Abstract

Understanding how hot (250°–350 °C) to super-hot (>350 °C) fluids circulate and interact with host rocks in fault-controlled upper continental crust is a challenging task. In this paper, we present the results of a structural, fluid inclusions, Sr isotope, petrographic and mineral study on an exhumed geothermal system to describe how hot to super-hot fluids were controlled by the increased permeability resulting from the interplay between low-angle normal faults and high-angle oblique-slip faults, the latter being part of a regional transfer zone. The study area is located on the eastern Elba Island (northern Tyrrhenian Sea, Italy), where the emplacement of a Messinian felsic intrusion has allowed hydrothermal fluids to circulate in relation to a fault-related permeability of the order of 10‐15 to 10‐13 m2. Magmatic fluids reacted with the host rocks (carbonate and phyllite) to form Fe-ore deposits hosted within the fault zones that controlled the fluid flow. Fluid inclusions trapped in quartz crystals indicate that the fluids consisted of saline solutions (salinity from 18.0 to 26.6 wt% NaCl eq.), which later mixed with low salinity waters of probably meteoric origin. The fluid temperature during the main hydrothermal stage ranged between about 300° and 360 °C under an estimated maximum hydrostatic pressure of 28–30 MPa. In contrast, the maximum possible temperature was about 400 °C at a lithostatic pressure of 89 MPa.
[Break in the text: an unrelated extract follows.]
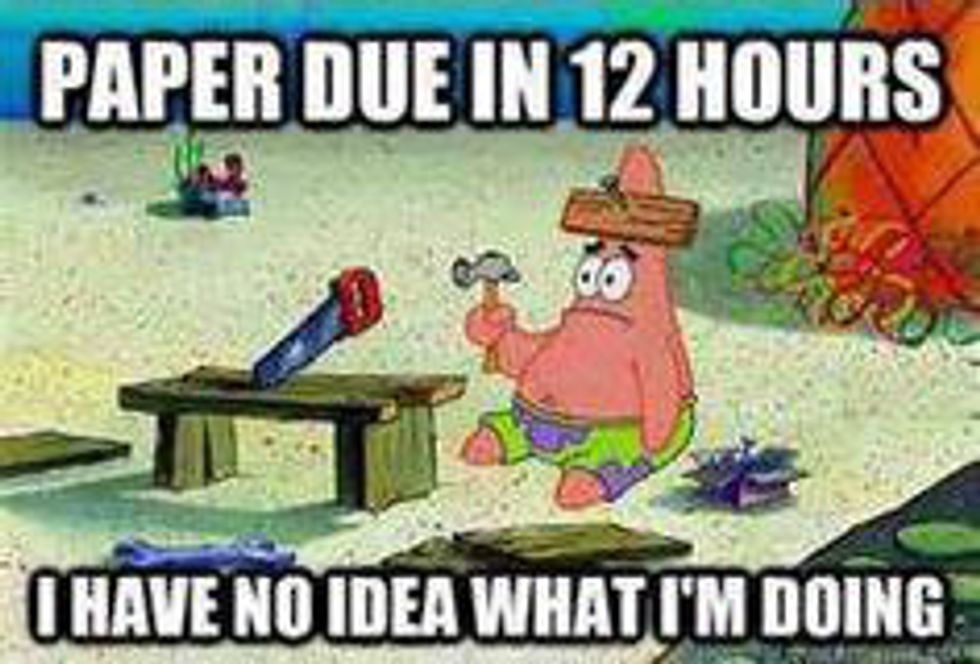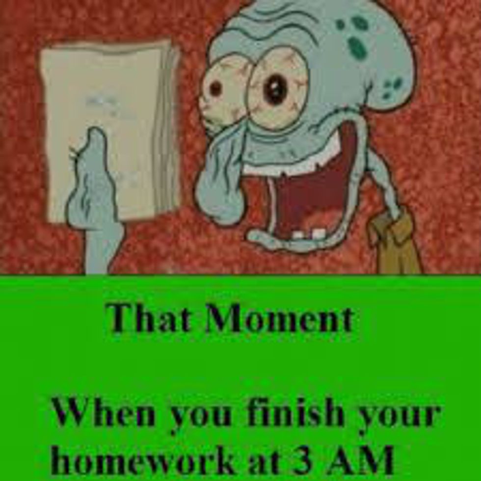 Spongebob is a show most of us college students watched when we were little and he is a very relevant source for knowing what it feels like to study and fail. I mean how many episodes did he spend inside of Mrs. Puff's Boating School? Well, are you ready kids? because here are feelings you probably had in your first semester as told by Spongebob Squarepants

The hydraulic breccias formed as a result of the transient fluid pressurisation up to lithostatic values, due to the self-sealing process and the subsequent pressure drop, down to hydrostatic values, as framed in the hydrofracturing processes. The results provide useful inputs for the identification of geothermal and ore-body targets in those geological settings where fluids of magmatic and meteoric origin are controlled by active faults in an extensional tectonic regime.